Fear Fest: Testicular Torsion. The Great Twists Of Doom.

OCTOBER 21st, Testicular Torsion

“I don’t know what I did!! Suddenly it just felt like someone kicked me in the rocks, and- and they never took their foot away!”
-Dean Venture

For the past three weeks we’ve discussed wide spread fears. Today we tackle my greatest fear. Ladies, I’m sorry to say that you won’t identify with this particular fear, but gents, your lives may change forever.
It was October 21st, 2007, 4 years ago to the day. I was getting in the shower with the intention of heading to work. As I was in the shower, I felt a slight twinge in groin region. That sleight pain grew into an explosion of pain. My vision went dark and I doubled over in agony. My brain raced from thought to thought. Time slowed down as I tried to reason out what had just happened to me. Sifting through Simpson quotes, quantum mechanics, advanced algebra, and baseball stats, my brain finally came up with the answer. Testicular torsion.

I’ve read hundreds of books. I’ve spent most of my life in the class room or learning environments, and I’ve watched thousands of hours of documentaries. And where did this nugget of wisdom come from? A cartoon. Specifically The Venture Brothers, episode “Are you there god? It’s me, Dean.” A cartoon saved my life. But let’s slow down, what is testicular torsion? How does one figure out one has it? I’ll let my friends Hank, Dean, Doc and Brock explain.

Specifically, testicular torsion occurs when one or both of the testicles tears free from the scrotal wall and either turns around, or becomes tangled together. I can tell you honestly the pain is something that is imprinted in my mind. In fact, every other pain I’ve experienced since that has somewhat been lessened by the knowledge that greater pain has been survived.

Normally the solution is surgery. I foolishly opted for a more natural solution since I only experienced a partial twist. After I realigned my parts, the pain decreased. I went to work. I spent most of the day sitting, as doing anything caused a pain spike. I went home after my shift and then cried myself to sleep. The next day I had a repeat performance from the other side. I still stayed out of the operation room.

For the next few weeks, every step I took caused me pain. For a few months after that, only every other step caused me pain. For roughly 15 months, I dealt with the occasional stabbing pain in my groin. The pain wasn’t the worst thing, it was the fear of the condition reoccurring. It wasn’t until 20 months later that I could run again pain free. I didn’t miss a day of work and I never took a pain killer more powerful than ibuprofin. I am a fucking idiot.

THE ANSWER: For me, the answer was bed rest and video games. I became an expert on the guitar in rock band. After a month Mass Effect was released, and I was made in the shade.

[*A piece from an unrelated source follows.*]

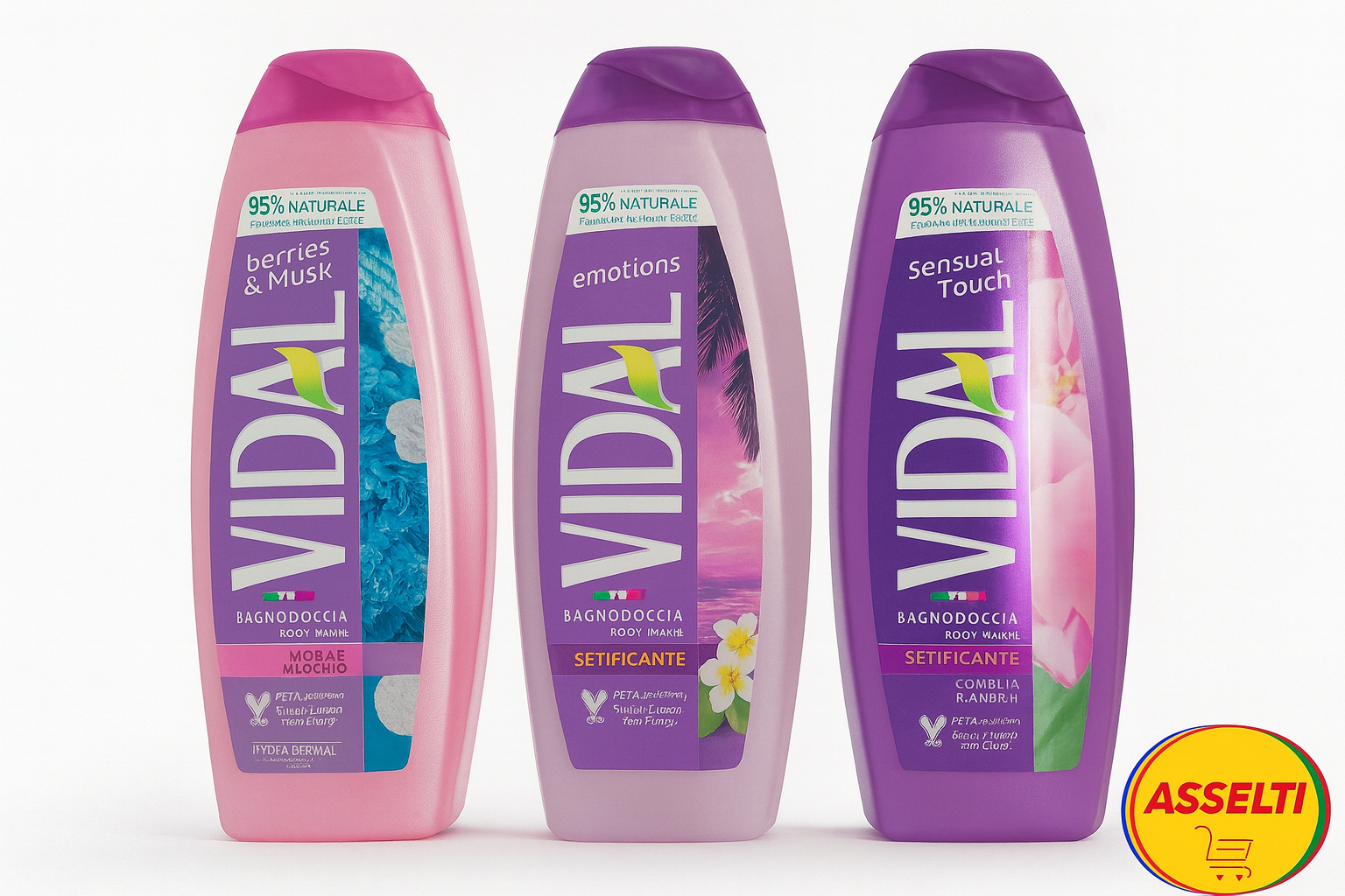 Gramaj produs: Set ASSELTI® – 3 x Vidal Pink & Purple Gel de Duș 500 ml

Escaping the pain was easy when I was running around Eden Prime killing husks, or flying around the galaxy hunting Saren and his Geth army. I will be forever grateful to Bioware for the escapism Commander Sheppard provided me. Today however, I live in fear that every wrong step, ever slip, fall, jostle, anything will cause a repeat of the condition. If the unthinkable should happen, I will not be taking the passive approach again. I will ask the doctors to cut open my sack like a thanksgiving roast and fix me up good.